II. PARTIJEN 2. HAL Investments IV B.V. is een op te richten besloten vennootschap naar Nederlands recht. Zij is een dochter van HAL Investments B.V., die een dochter is van HAL Holding N.V., die op haar beurt weer een dochter is van HAL Trust (hierna: HAL). De aandelen van HAL worden verhandeld op de AEX Effectenbeurs. HAL is actief op het gebied van het investeren van risicodragend kapitaal in Nederland en daarbuiten. HAL heeft onder meer deelnemingen op het gebied van luchtvaart, optiek, productie van laminaatplaten, modules voor olie- en gaswinning, levering van scheepsbrandstof, scheepvaart, baggeren en het uitgeven van een financieel dagblad, te weten 'Het Financieele Dagblad'. 3. B.V. Houdstermaatschappij Mutua Fides (hierna: Mutua Fides) is de houdstermaatschappij van Mercurius Groep Wormerveer B.V. (hierna: Mercurius), die op haar beurt meerdere dochterondernemingen bezit, die tezamen de Mercurius Groep vormen. Mutua Fides is een dochteronderneming van C.A.W. Beheer B.V. (hierna: CAW Beheer) en 'RW Beheer BV' (hierna: RW Beheer) die elk een 50% deelneming bezitten in Mutua Fides. Beide beheersvennootschappen verrichten geen andere activiteiten. Mercurius is actief op het gebied van het uitgeven en drukken van onder andere materiaal voor de groene markt (met name steeketiketten, boomlabels en zaadzakjes), kalenders, posters, gelegenheidskaarten, vaktijdschriften, specifieke publikaties en financile communicatie (o.a. jaarverslagen), alsmede op het gebied van handel in relatiegeschenken.
III. DE GEMELDE OPERATIE
4. De gemelde operatie betreft, blijkens een bij de melding gevoegde concept "Overeenkomst tot koop en verkoop van aandelen in de Mercurius Groep", de koop van 40% van de aandelen in Mutua Fides door HAL van CAW Beheer en RW Beheer.[1] [1] In [..] zal HAL de overige 60% van de aandelen in bezit krijgen. De onderhavige zaak betreft echter alleen de verkrijging van zeggenschap, op basis van het verwerven van 40% van de aandelen. [Het precieze tijdstip waarop HAL de overige 60% van de aandelen zal verkrijgen, is weggelaten om redenen van bedrijfsvertrouwelijke aard].

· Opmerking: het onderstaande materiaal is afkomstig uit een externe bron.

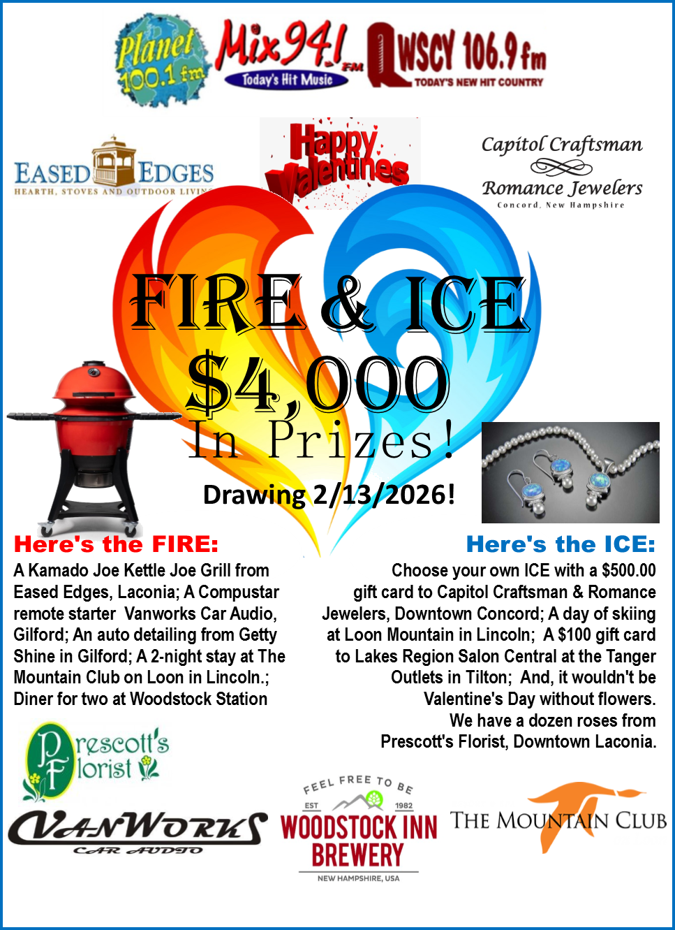 ~Win thousands of dollars in Fire & Ice Prizes. Be the 14th caller when you hear the ‘Fires of Love Mix Kiss’ and you’ll be in the drawing to win:
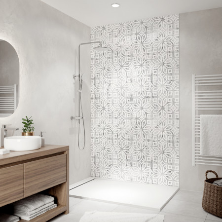 Le décor mural Marocco Blanco est une invitation au voyage et à l’élégance. Inspiré des célèbres zelliges marocains, il met en valeur des formes géométriques florales et entrelacées qui rappellent l’art décoratif traditionnel. Sur un fond marbré aux nuances subtiles de gris et de blanc, les motifs s’imposent avec une modernité assumée.

5. Op basis van het bij de melding overgelegde concept "Reglement van de raad van commissarissen van Mercurius Groep Wormerveer B.V." blijkt dat voor een aantal genoemde besluiten de goedkeuring van de Raad van Commissarissen en van HAL, op basis van vetorechten in de algemene vergadering van aandeelhouders (hierna: AVA), is vereist. Het gaat daarbij onder andere om de volgende besluiten: l l
l
l
het jaarlijks goedkeuren van ondernemingsplannen; het jaarlijks goedkeuren van een gedetailleerd plan voor de ontwikkeling van [..][2]; al hetgeen in belangrijke mate afwijkt van danwel uitgaat boven het onderhouds- en investeringsplan; het benoemen van nieuwe statutaire directeuren van Mercurius.

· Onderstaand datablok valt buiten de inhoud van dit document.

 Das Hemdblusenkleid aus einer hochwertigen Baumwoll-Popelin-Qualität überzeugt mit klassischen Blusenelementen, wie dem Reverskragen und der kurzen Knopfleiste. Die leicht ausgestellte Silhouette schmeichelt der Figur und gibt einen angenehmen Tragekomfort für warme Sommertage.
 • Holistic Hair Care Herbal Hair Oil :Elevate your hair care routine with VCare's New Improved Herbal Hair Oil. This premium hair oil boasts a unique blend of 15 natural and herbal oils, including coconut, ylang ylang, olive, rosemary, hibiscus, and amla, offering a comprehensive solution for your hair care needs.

[2] De activiteit is weggelaten i.v.m. redenen van bedrijfsvertrouwelijke aard.
6. De Raad van Commissarissen van Mercurius zal na de transactie bestaan uit de drie huidige commissarissen en twee door HAL voor te dragen commissarissen. De drie huidige commissarissen zijn benoemd op basis van coptatie na goedkeuring van CAW Beheer en RW Beheer. De directie van Mercurius wordt gevoerd door de heren C.A. Woudt en R. Woudt, respectievelijk eigenaar van CAW Beheer en RW Beheer.
IV. TOEPASSELIJKHEID VAN HET CONCENTRATIETOEZICHT 7. Een aantal in punt 5 genoemde besluiten zijn strategische beslissingen met betrekking tot het lange termijn beleid van Mutua Fides. De voorgenomen operatie heeft derhalve tot gevolg dat HAL zeggenschap zal verkrijgen over Mutua Fides, in de zin van artikel 27, onder b, van de Mededingingswet. De directeursfunctie geeft elk van de heren Woudt de mogelijkheid om strategische beslissingen van de directie, die de goedkeuring behoeven van de raad van Commissarissen respectievelijk de AVA, te blokkeren. In het onderhavige geval kan derhalve worden geconcludeerd dat de zeggenschap van HAL wordt gedeeld met CAW Beheer en RW Beheer. 8. Betrokken ondernemingen, in de zin van het Besluit vaststelling formulieren Mededingingswet (Staatscourant 1 van 2 januari 1998), zijn HAL, CAW Beheer, RW Beheer en Mutua Fides. 9. Uit de bij de melding ter beschikking gestelde omzetgegevens blijkt dat de gemelde concentratie binnen de werkingssfeer van het in hoofdstuk 5 van de Mededingingswet geregelde concentratietoezicht valt.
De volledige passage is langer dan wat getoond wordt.